Hello, I'm a beginner of SQL.
Could you help me how to use 'dbms_random.seed()' ?
I want to set seed and select 100 patients' data randomly from source data set.
Source data set is like below. It contains more than 1700000 patients' data. One patient can have multiple records.
From this source data set, I want to select 100 patients randomly and extract their data with date >=2015-01-01.

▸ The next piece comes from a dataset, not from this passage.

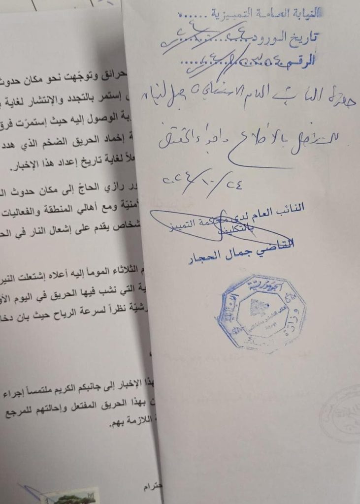 الحاج يتقدّم بإخبار حول حريق الربوة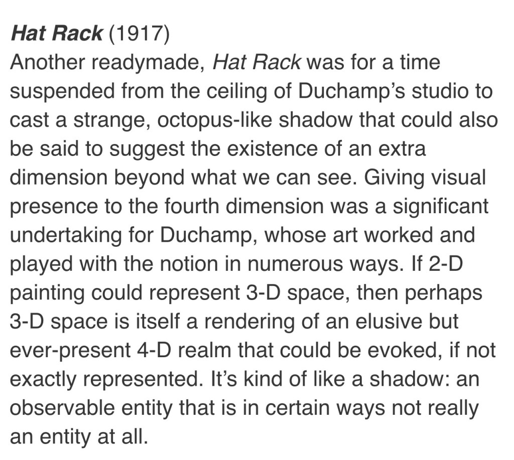 On the right to Duchamp’s hat rack is an octopus like figure I kept seeing on the door of the bathroom at the clinic where I’ve been working covering for a physician client of mine. The shadow much like “The Hat Rack” is indicative of a “4th dimensional realm.” A realm between “time and space.” And I guess you can say “light and shadow,” aka “chiaroscuro.”

The 100 patients should have drugcode=1000 with date >=2016-04-01.
PATIENTID
| DATE
| DRUGCODE |
|---|
| 111 | 2015-4-15 | 1000 |
| 111 | 2014-6-20 | 1001 |
| 111 | 2016-7-6 | 1002 |
| 331 | 2014-12-3 | 1010 |
| 331 | 2019-1-4 | 1000 |
| 999 | 2018-10-13 | 1009 |
| 999 | 2018-6-15 | 1001 |
| 999 | 2018-1-7 | 1007 |
| 411 | 2017-5-14 | 1000 |
| 411 | 2016-11-29 | 1010 |
| 201 | 2014-7-19 | 1002 |
| 201 | 2018-8-11 | 1003 |
| 101 | 2014-5-19 | 1000 |
| 151 | 2019-12-4 | 1006 |
| 151 | 2016-6-10 | 1005 |
| 151 | 2020-1-30 | 1000 |
| 888 | 2014-11-7 | 1010 |
| 888 | 2018-12-25 | 1000 |
In this example, we have 4 patients(331, 411,151,and 888) who have drug code=1000 after 2016-04-01.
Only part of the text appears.